Barr enrolled at the University of Michigan in 1953 and played at the halfback position for Bennie Oosterbaan's Michigan Wolverines football teams from 1954 to 1956. Barr first gained acclaim after leading Michigan to a victory over Army early in the 1955 season; he rushed for a touchdown in the first quarter and then returned a punt 82 yards for a touchdown in the second quarter. At the end of the season, Barr was selected as the Most Valuable Player on the 1955 Michigan Wolverines football team that compiled a 7–2 record and was ranked #12 and #13 in the final AP and UPI polls.

On the 1956 Michigan Wolverines football team Barr was selected as a first-team All-Big Ten player by United Press (UP).

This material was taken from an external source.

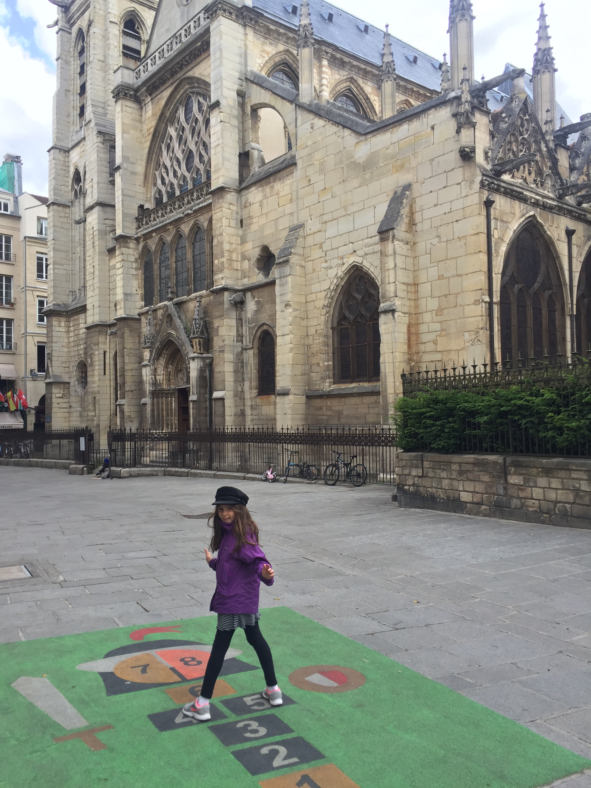 On the way home we stopped at two different playgrounds—one near the Bon Marche, then after a metro ride, Grandpa took Penelope to our local playground for another hour or so.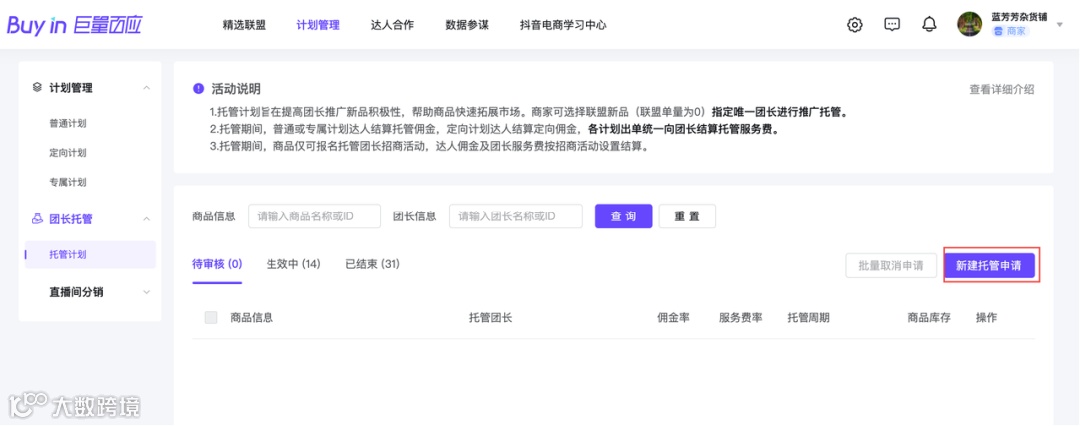 ①商品需要先设置普通计划,加入到联盟里;在商家后台-【精选联盟】-【计划管理】-【托管计划】,点击【新建托管申请】

During his junior and senior years from 1955 to 1956, Barr contributed over 1,600 yards to the Wolverines, including 611 rushing yards, 466 punt and kickoff return yards, 306 passing yards, and 140 receiving yards. He was inducted into the University of Michigan Athletic Hall of Honor in 1994.

Barr was a member of the Sigma Chi fraternity and lived with several teammates including Ron Kramer and Tom Maentz at U of M's Theta Theta Chapter.

While at Michigan and during the start of his NFL career, Barr was an officer in the US Army ROTC, trained at the US Armory School at Ft Knox, KY and achieved the rank of Captain as a company tank commander in the US Army Reserves.

==Professional football==
Barr was selected by the Detroit Lions in the third round (36th overall pick) of the 1957 NFL draft. In his rookie season, he played in the NFL Championship Game. In Detroit's 59–14 win over Cleveland, Barr intercepted a pass and returned it 19 yards for a score. Barr spent nine seasons with the Lions from 1957 to 1965. In his first three seasons, he was used principally as a defensive back and return specialist. He returned 26 kickoffs for 655 yards and 50 punts for 262 yards from 1957 to 1960.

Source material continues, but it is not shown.